Stop pruning in late June or you won’t get flowers in the fall.
Divide mums after new growth appears in the spring. Mums grown as perennials will spread so you'll need to thin them periodically.
Taller varieties of mums may need to be staked when they’re full of blooms.
Remove old foliage after the first frost. New growth comes from the roots.
Pests and Diseases
- Chrysanthemums can get leaf spot, powdery mildew and viruses like mosaic or stunt.
- The best treatment is prevention. Don’t crowd chrysanthemums or plant them in shade where moisture will remain on their leaves and create a breeding ground for disease. Give them plenty of air and sun.
- Mums are susceptible to the usual array of bugs: aphids, caterpillars, leafhoppers, leafminers and spider mites.
- Rabbits and deer usually don’t eat mums’ fuzzy, fragrant leaves and blooms. They much prefer your blueberry bushes.
‘Clara Curtis’ is a tough, old-fashioned chrysanthemum flower, a passalong plant that has pink, daisy-like blooms with golden centers. Blooms are 2" to 3" in diameter.
‘Homecoming’ is the sort of big, gorgeous mum once a staple of fall corsages.

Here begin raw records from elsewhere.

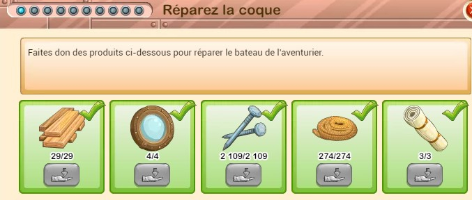 Pour notre coop, niveau de village 94 et radeau niv 2, on nous demande toutes les haies, des clous, cordes, résine et caoutchouc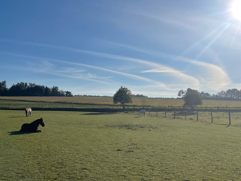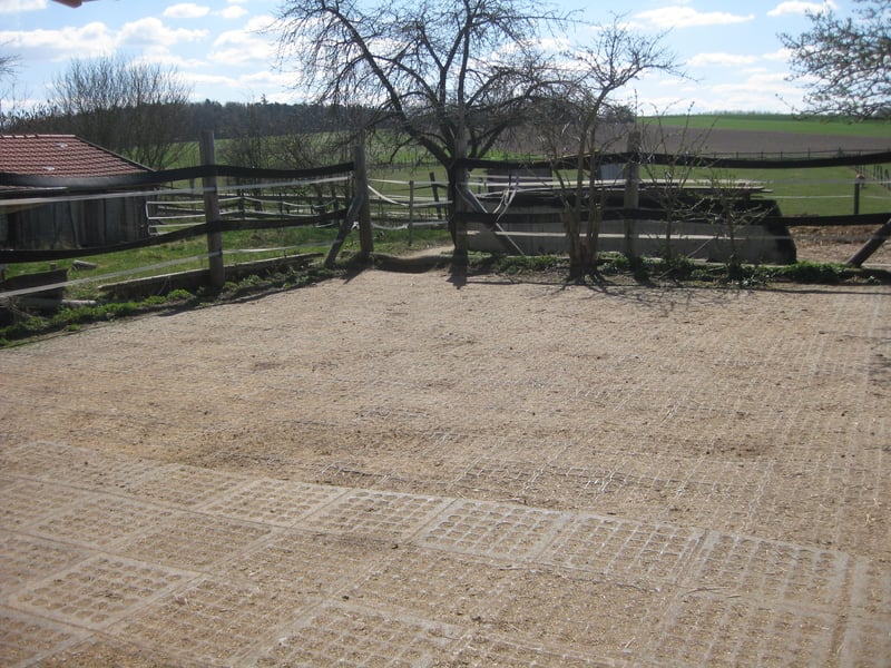Offenstall mit beh. Tränke, Heu-und Strohraufe, befestigter Paddockbereich, 1 ha Weide, Ganzjahresreitplatz mit Flutlicht, Mistentsorgung incl. Heu und Stroh können abgekauft werden. Kraftfuttergabe kann 2 x tgl. übernommen werden.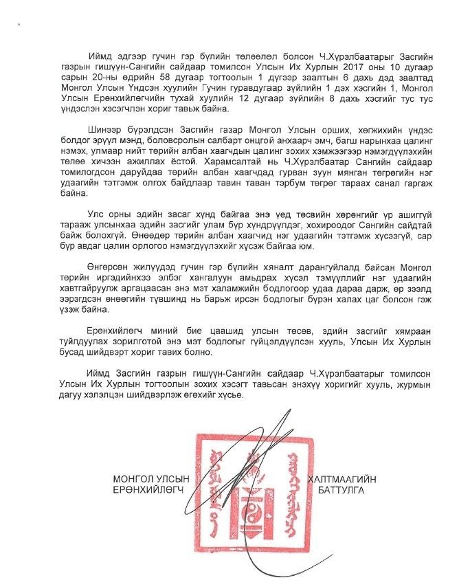 Иймд эдгээр гучин гэр бүлийн төлөөлөл болсон Ч.Хүрэлбаатарыг Засгийн газрын гишүүн-Сангийн сайдаар томилсон Улсын Их Хурлын 2017 оны 10 дугаар сарын 20-ны өдрийн 58 дугаар тогтоолын 1 дүгээр заалтын 6 дахь дэд заалтад Монгол Улсын Үндсэн хуулийн Гучин гуравдугаар зүйлийн 1 дэх хэсгийн 1, Монгол Улсын Ерөнхийлөгчийн тухай хуулийн 12 дугаар зүйлийн 8 дахь хэсгийг тус тус үндэслэн хэсэгчлэн хориг тавьж байна.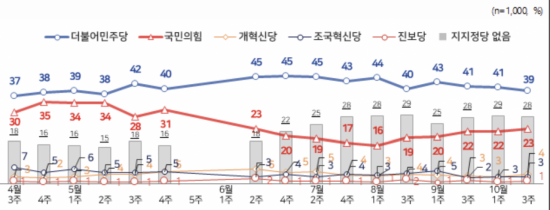 16일 엠브레인퍼블릭·케이스탯리서치·코리아리서치·한국리서치의 전국지표조사(NBS·13~15일 전국 18세 이상 남녀 1000명을 대상으로 휴대전화 면접 방식으로 진행·표본오차는 95% 신뢰수준에서 ±3.1%포인트·응답률 15.8%)에 따르면 민주당 지지율은 2주 전(10월 1주) 조사와 비교해 2%포인트 하락한 39%를 기록했다. 지난 대선에서 승리한 이후 민주당은 40% 초중반의 지지율 흐름을 이어왔지만 이번 추석 연휴를 거치면서 처음으로 40%대 벽이 깨졌다.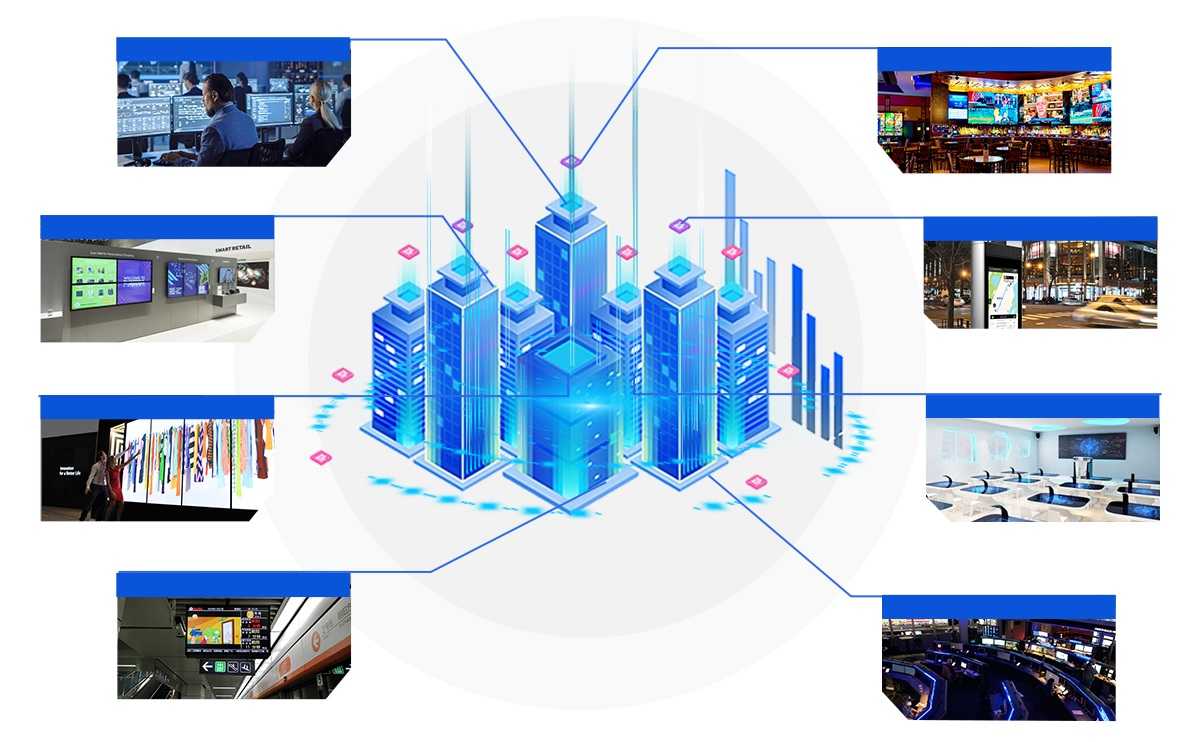 - Vytváření víceobrazovkového spojení s videostěnou až 5×5 (včetně také 1×1 / 1×2 / 1×3 / 1×4 / 1×5 / 2×1 / 2×2 / 2×3 / 2×4 / 2×5 / 3×1 / 3×2 / 3×3 / 3×4 / 3×5 / 4×1 / 4×2 / 4×3 / 4×4 / 4×5 / 5×1 / 5×2 / 5×3 / 5×4 / 5×5) pomocí přepínače a ovládané aplikací. Podporuje 256 vstupů signálových zdrojů a 256 výstupů signálu, což poskytuje flexibilní konfiguraci matice typu „mnoho k mnoha“ (při připojení více než 100 vysílačů a přijímačů vyžaduje ovládání pomocí aplikace).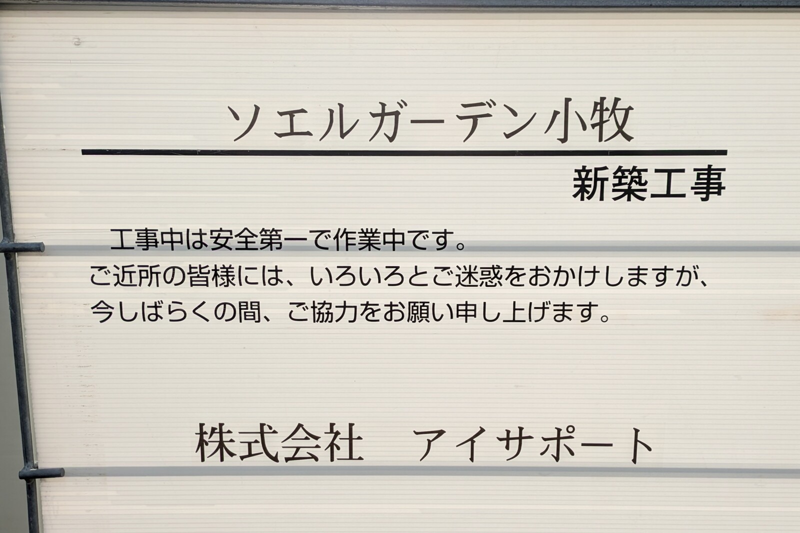 工事は「ソエルガーデン小牧」の新築工事。調べてみると、住宅型有料老人ホームでした。

It produces giant peach-colored blooms on 3-foot stalks.
‘Ruby Mound' is a hardy garden mum with lush sprays of big, ruby-red semi-double flowers.
‘Fireglow Bronze’ produces branchfuls of golden double blooms on an 18-inch bush.
Garden Design Suggestions
- Mums are ideal for containers because of their shallow root systems.
- Use those pots of blooming mums sold in the fall as annuals to replace summer annuals that are past their prime. Tuck the mums in beds, borders or planters to keep the color coming until frost.
- Plant them in beds or borders in the early spring or fall as perennials. They come back each fall with more flowers.
- Plant chrysanthemums in swaths or clumps of the same color and flower type. Mass plantings are pleasing to the eye.
- Pair them with other late-season bloomers like sedum, goldenrod, Russian sage and asters.
- Use them in the middle of sunny borders, cutting gardens and butterfly gardens.
- Mums contain substances that can be toxic to cats, dogs and horses, so keep that in mind if you have pets that might munch on them.